Non-pharmaceutical interventions for the prevention of respiratory tract infections during Hajj pilgrimage.

Author information

1
Aix Marseille Université, URMITE, UM63, CNRS 7278, IRD 198, Inserm 1095, 13005 Marseille, France; Institut Hospitalo-Universitaire Méditerranée Infection, 13005 Marseille, France.
2
Aix Marseille Université, URMITE, UM63, CNRS 7278, IRD 198, Inserm 1095, 13005 Marseille, France; Institut Hospitalo-Universitaire Méditerranée Infection, 13005 Marseille, France. Electronic address: philippe.gautret@club-internet.fr.

Abstract

Overcrowding during the yearly Hajj mass gatherings is associated with increased risk of spreading infectious diseases, particularly respiratory diseases. Non-pharmaceutical interventions (e.g., hand hygiene, wearing face masks, social distancing) are known to reduce the spread of respiratory viruses from person to person and are therefore recommended to pilgrims by public health agencies. The implementation of effective public health policies and recommendations involves evaluating the adherence to and effectiveness of these measures in the specific context of the Hajj.

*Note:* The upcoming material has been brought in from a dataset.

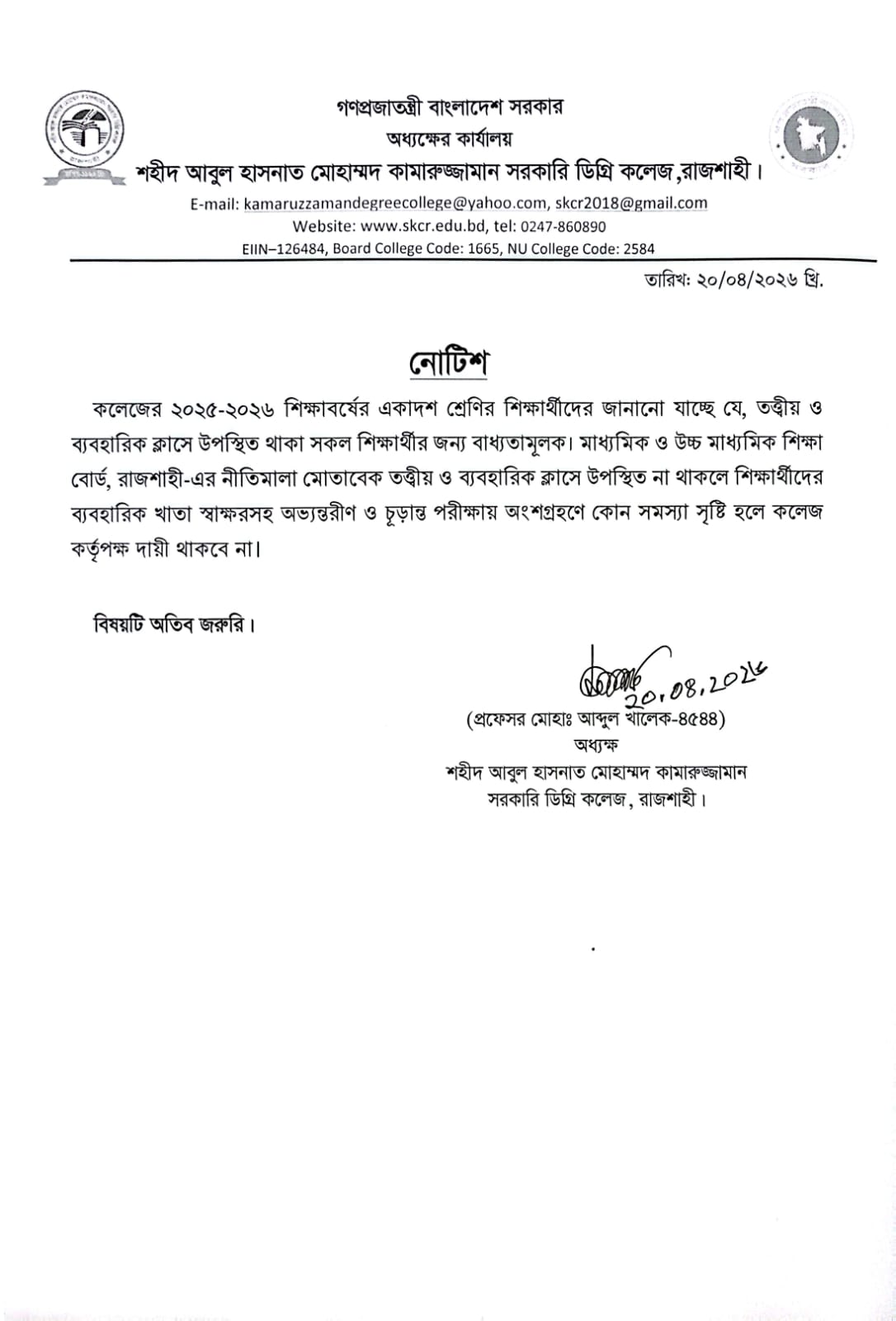 একাদশ শ্রেণির শিক্ষার্থীদের তত্ত্বীয় ও ব্যবহারিক ক্লাসে উপস্থিতি সংক্রান্ত জরুরি নোটিশ

This review summarizes the evidence related to the effectiveness of non-pharmaceutical interventions in preventing the spread of respiratory infectious diseases during the Hajj. Overall, although hand hygiene compliance is high among pilgrims, face mask use and social distancing remain difficult challenges. Data about the effectiveness of these measures at the Hajj are limited, and results are contradictory, highlighting the need for future large-scale studies.

KEYWORDS:

Hajj; Prevention and control; Respiratory tract infections

PMID:
24999278
DOI:
10.1016/j.tmaid.2014.06.005
[Indexed for MEDLINE]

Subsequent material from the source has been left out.